Выхожу на улицу. Куда мне спешить? Анатолий Петрович подъедет только через час. А Чарльз прилетит завтра. Усаживаюсь на скамейку. Поёживаясь от холода, закуриваю дорогую сигарету. А что если здесь и сейчас меня бы увидели коллеги из родного КБ?! Ты что тут, дорогой, делаешь? - Да вот замдиректора этого учреждения дожидаюсь. Надо обсудить перспективы сотрудничества. Коллеги на месте бы попадали!
Однако, до чего же ветер противен. До костей пронизывает. Ну и май!
Из здания выходит и направляется ко мне мужчина средних лет и очень средне-русской наружности. Такого в телогрейку одень – и вот Вам колхозный тракторист широкого профиля.
- Вы из N ? – спрашивает он меня. (Во! Сразу вычислил, что я «парень из деревни», хоть и одет я по заграничному – турецкая куртка, американские джинсы, китайские кроссовки – всё с местного базара).
- Анатолий Петрович прибыл. Проходите, пожалуйста. У вас паспорт с собой?
- С собой, конечно.
Милиционерам с автоматами предъявляю на входе паспорт. Прохожу через ворота металлоискателя. «Тракторист» привозит меня на лифте на какой-то этаж. Открывает дверь в кабинет.

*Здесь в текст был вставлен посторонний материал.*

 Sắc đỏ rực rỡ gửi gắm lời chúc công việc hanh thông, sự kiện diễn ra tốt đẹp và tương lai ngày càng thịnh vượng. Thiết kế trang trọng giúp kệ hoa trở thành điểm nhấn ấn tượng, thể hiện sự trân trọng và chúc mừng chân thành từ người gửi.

- Присаживайтесь. Анатолий Петрович будет через пять минут.
Я сажусь. Оглядываюсь. Длинный стол, заваленный иностранными газетами и журналами. Включенный компьютер. Полки и шкафы, набитые папками с надписями по-английски. На стенах – какие-то документы в рамочках. Я встаю, чтобы прочитать их. Международная Инженерная Академия награждает хозяина кабинета дипломом первой степени. Европейская Ассоциация Научно-Технической Информации выражает признательность за многолетнее плодотворное сотрудничество. Королевское Учёное Общество Нидерландов принимает в свои ряды. Анатолия Петровича я знаю давно, но заочно. Я был еще студентом, когда выходили его словари. Потом в иностранных журналах я видел статьи, подписанные его именем. Но лично мы не знакомы. Я недавно нашел его в Интернете. Он пригласил меня на эту встречу.

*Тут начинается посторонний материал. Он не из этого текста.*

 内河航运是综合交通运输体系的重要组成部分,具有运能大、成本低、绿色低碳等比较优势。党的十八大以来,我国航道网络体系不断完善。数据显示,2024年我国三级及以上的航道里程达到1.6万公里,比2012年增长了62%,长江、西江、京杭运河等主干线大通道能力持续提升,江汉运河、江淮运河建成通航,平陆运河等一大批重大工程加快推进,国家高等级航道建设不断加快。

Пожалуй, мне лучше сесть. Нехорошо будет, если вошедший хозяин застанет меня прогуливающимся по его кабинету. И только я об этом подумал, как за моей спиной щёлкнула дверь и, обернувшись, я увидел Анатолия Петровича. Да, именно так и должен был выглядеть этот человек. Он высок и осанист. Благородная седая шевелюра дипломата. Улыбающиеся глаза. Мы жмём друг другу руки и садимся за журнальный столик.
- Ну, как поживаете? – спрашивает он.
Я сбивчиво рассказываю о своем житье-бытье. От темна до темна сижу в лесу в своем КБ. Работа мало кого интересует. Только деньги давай. Качество переводов – анекдотическое, а учиться никто не хочет. Предложил библиотеку создать, другой такой в России не будет – так на меня как на сумасшедшего посмотрели. Плюнул на это дело. Но себе по возможности словари приобрел.
Тут Анатолий Петрович встал, подошёл к стеклянному шкафу, вынул две толстые синие книги.
- Я во Франции двухтомник издал по перспективным космическим технологиям. Подарить?
- Приму с благодарностью. Но только с автографом.
Анатолий Петрович вынимает из нагрудного кармана фирменную ручку Parker.
- Мы стоим на пороге информационной революции, - говорит он. – Бумажные носители информации обречены. Это каменный век. Будущее за компьютерами. У вас на работе есть компьютер?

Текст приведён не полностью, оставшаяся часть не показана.